The #HALTsolitary campaign, which has long engaged in organizing, education, and advocacy to get the bill enacted into law, issued the following statement:

“The #HALTsolitary campaign applauds Speaker Carl Heastie, lead Assembly sponsor Jeffrion Aubry, and the New York State Assembly for passing legislation to end the torture of solitary confinement and replace it with more humane and effective alternatives. Thousands of people remain in solitary confinement in New York’s prisons and jails each day, isolated 22 to 24 hours a day in a cell without any meaningful human contact or programs, often for months, years, and even decades. They are disproportionately Black and Latinx people, young people, gender non-conforming people, and people with mental illness, often held in isolation for non-violent infractions or even for speaking out about abuse by staff. If the State Senate fails to act to end this racist and destructive practice this session, as appears likely even though HALT has 25 co-sponsors in that house, Governor Cuomo must implement the reforms we seek administratively.

Referring to the fact that Governor Cuomo could at any time write most of the measures in the HALT Bill into law through executive action, Aubry exhorted his colleagues to take a definitive stand: “The executive [branch] could have ended this immediately. They could have looked at the history of SHUs [Special Housing Unit, aka solitary confinement] and immediately taken the action to stop the process. Looked at what’s going on in the world and stopped the process. But they haven’t. Not just this administration, but administrations in the past. Sometimes we as legislators have to step up to the plate and say what is right is right.

Despite strong support for HALT in the State Senate, the bill was not brought to the floor for a vote before the end of session in late June.

Meanwhile, Governor Cuomo and NYS Commissioner of Corrections Anthony Annucci have both ignored multiple invitations from CAIC to spend 24 hours in a solitary confinement cell, as the Corrections Commissioner of Colorado did before implementing major reforms.

#HALTsolitary Confinement Act Passes in the NY State Assembly – SEE THE FULL 9-MINUTE VIDEO:

NEWS: NYCAIC Thanks Speaker Heastie and NY State Assembly for Including #HALTsolitary Act in New Criminal Justice Reform Legislation

The #HALTsolitary campaign of NYCAIC released the following statement on February 12, 2018, following the Assembly majority’s introduction of a comprehensive criminal justice reform package that includes the HALT Solitary Confinement Act:

The New York Campaign for Alternatives to Isolated Confinement (CAIC) applauds Speaker Carl E. Heastie and the New York Assembly for including the Humane Alternatives to Long-Term (HALT) Solitary Confinement Act, A.3080B/S.4784A, as part of its Criminal Justice Reform package announced today.

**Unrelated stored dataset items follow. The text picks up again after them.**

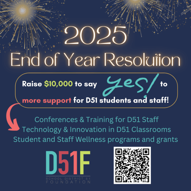 The D51 Foundation (D51F) raises money to support our local schools, prioritizing funding for professional learning, technology and innovation, and staff and student wellness. Our mission is to raise funds for academic growth and achievement and promote outreach to benefit kids and our community.
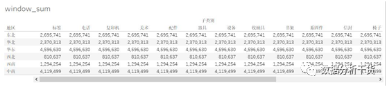 可以看到计算结果虽然也是沿行汇总,但数值变小,比如东北地区的汇总值2695741,比行合计2711223少了15482,由前可知,15482正是第1项“标签”的销售额,由此知,window_sum对分区的合计是可以指定起止点的,要比total更为灵活
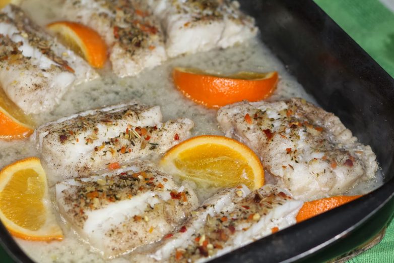 3. Смазать форму сливочным маслом, выложить филе трески и дольки апельсина. Посолить, поперчить и посыпать рыбу приправой. Влить вино.
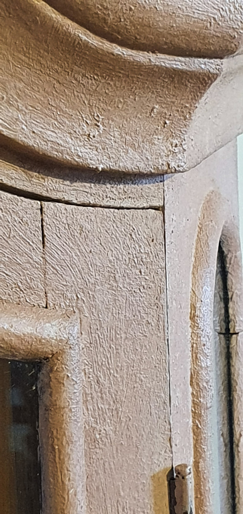 Wszelkie przecierki, niedoskonałości, struktura to efekt celowy uzyskany farbą. Środek niemalowany, stan oryginalny, bardzo dobry.
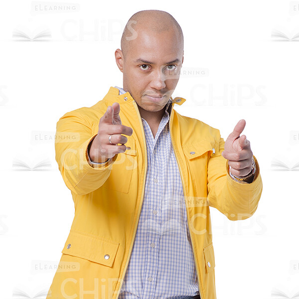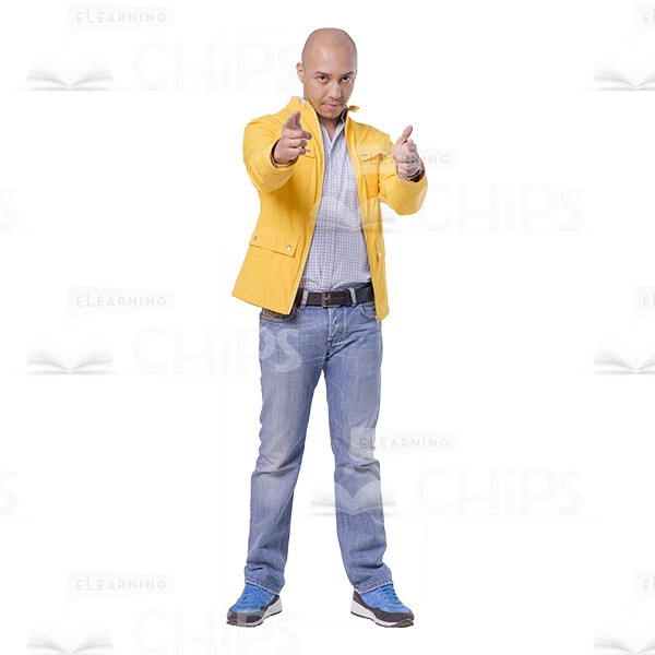 Full-length cutout picture of a young man who points with both hands at someone. His eyes are directed at the camera. He looks nice and confident. Dressed in casual clothes such as blue jeans, shirt and bright colored jacket. Would perfectly illustrate a modern student or a young business coach during the training process.
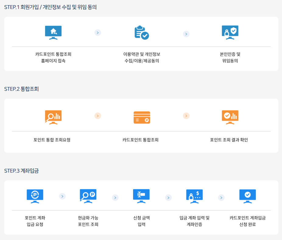 각 카드사 앱을 일일이 접속할 필요 없이, 통합 시스템에 접속하면 보유 중인 모든 카드포인트를 조회할 수 있으며, 현금 전환이 가능한 포인트는 즉시 본인 명의 계좌로 입금 신청을 할 수 있습니다.
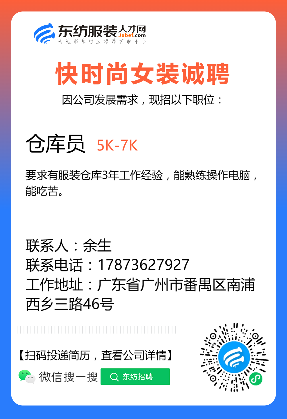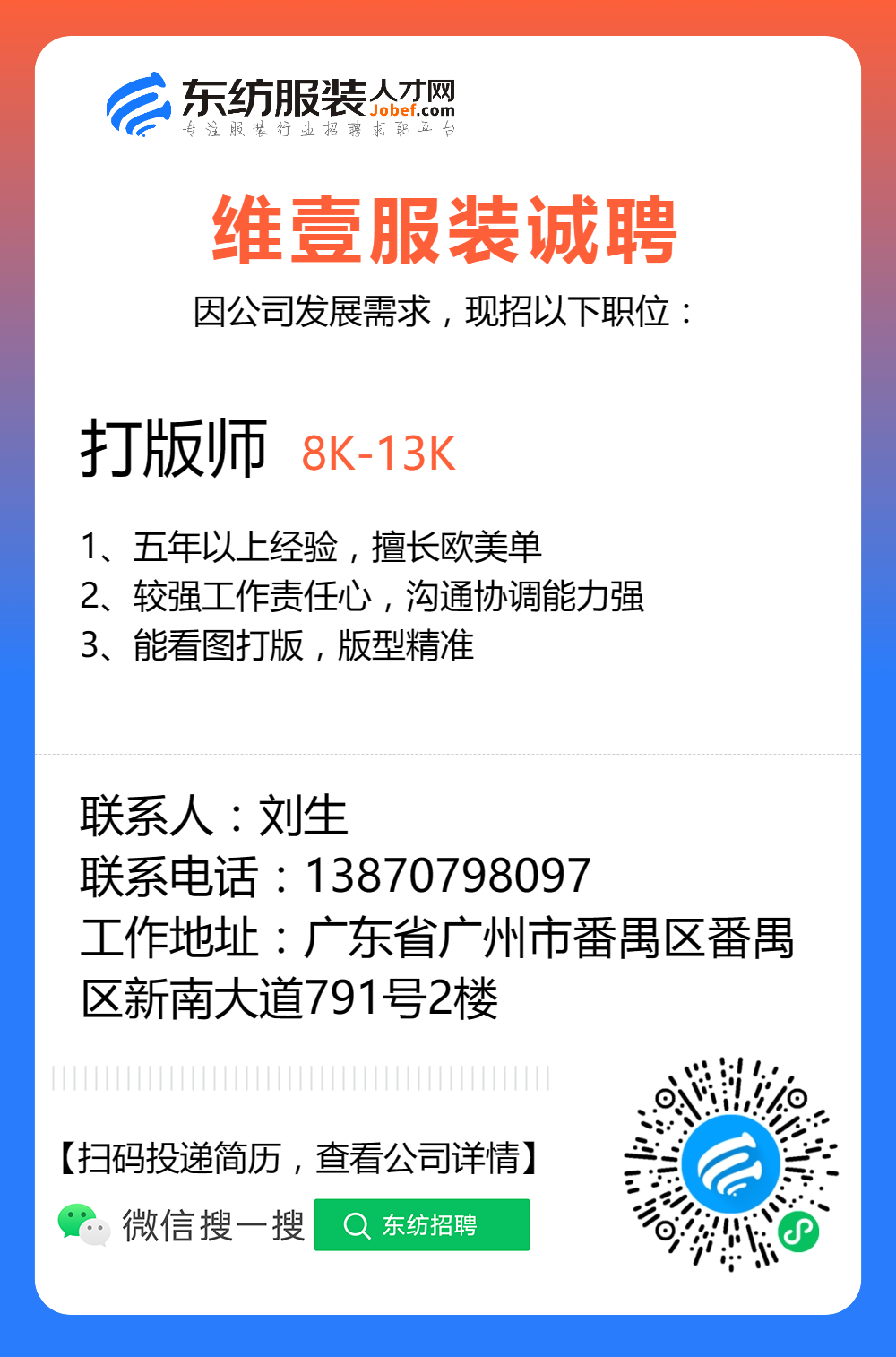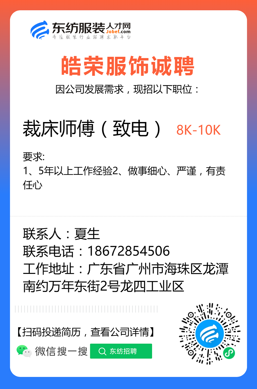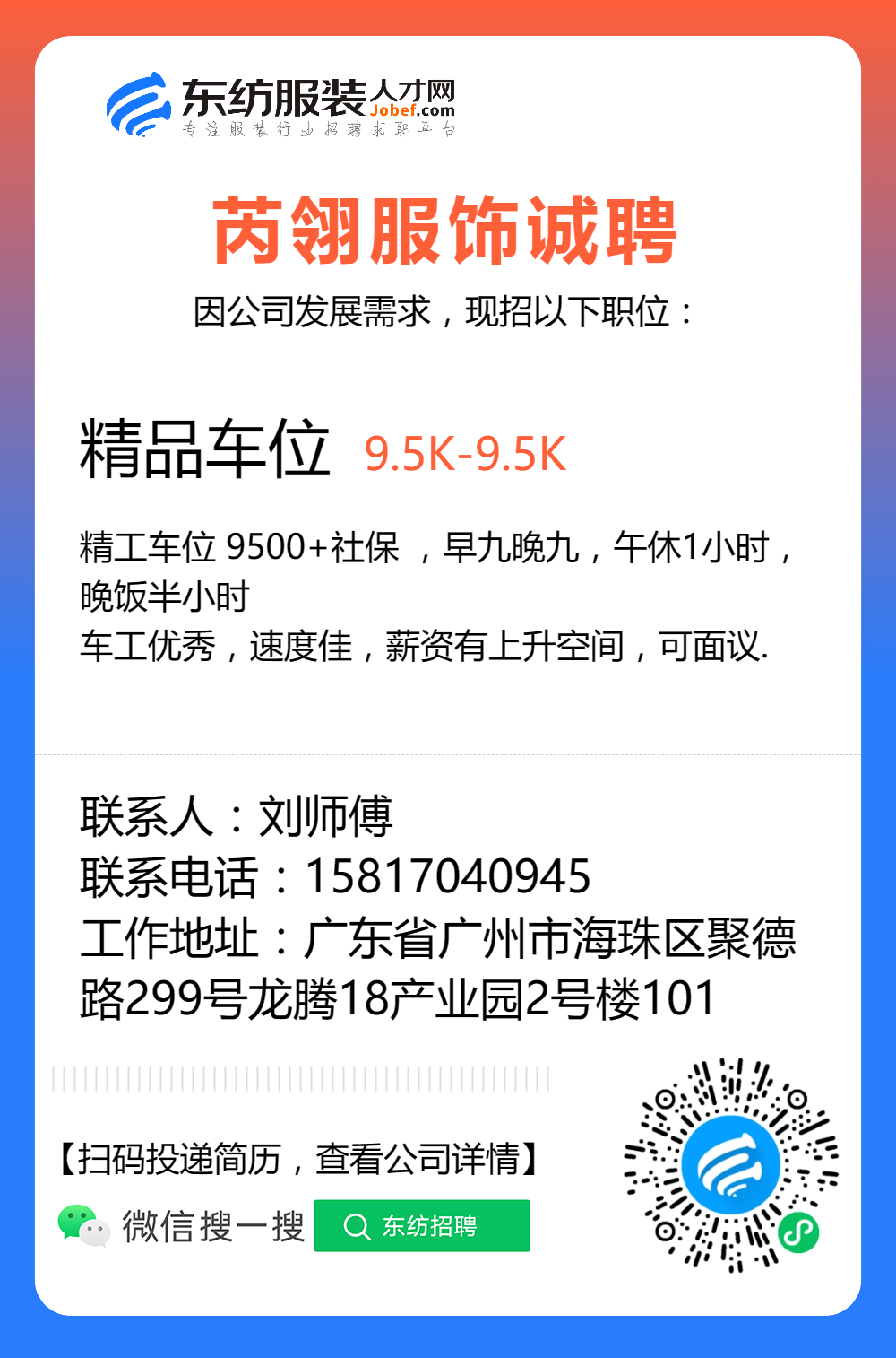 >服装招聘·工厂类丨3. 20号,跟单、采购、车位、裁床、尾部……
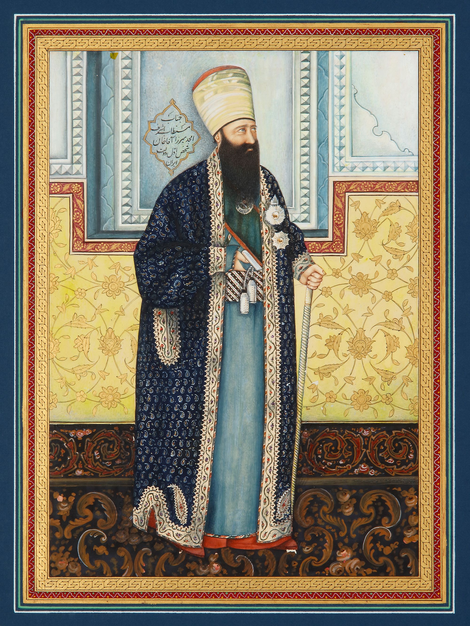 Mirza Aqa Khan Nuri known as Aqa Khan Nuri , E'temad-ol Dowleh (born 1807 – died 1865) was a politician in Qajar Iran, who served as prime minister (ṣadr-e aʿẓam) between 1851-58 during the reign of king Naser al-Din Shah Qajar (r. 1848–1896). 22.5 by 17 cm.

Solitary confinement is torture. Thousands of people, disproportionately Black and Brown people, remain in solitary in New York each day: 22 to 24 hours a day in a cell without any meaningful human contact or programs. People continue to spend months, years, and decades in solitary (30+ years) in New York. These conditions cause devastating physical, mental, and behavioral impacts. The entire United Nations, including the United States, passed rules prohibiting solitary beyond 15 days for any person, because it otherwise would amount to torture. Colorado has implemented a 15-day limit in its prisons and reduced the number of people in solitary from 1,500 to 18.  The HALT Solitary Confinement Act would similarly include a 15-day limit on solitary, and would create more humane and effective alternatives. While Governor Cuomo has touted reforms to solitary, New York still has a higher percentage of people in solitary (5.8%) than the national average (4.4%) and much higher than states that have reformed solitary (less than 1% to 2%).

The HALT Solitary Confinement Act, A.3080B/S.4784A, is the only bill that will end the torture of solitary for all people and create more humane and effective alternatives. Over 180 organizations across New York State and over 100 New York legislators now support the HALT Act. Without HALT, thousands of New Yorkers will continue to be subjected to the torture of solitary.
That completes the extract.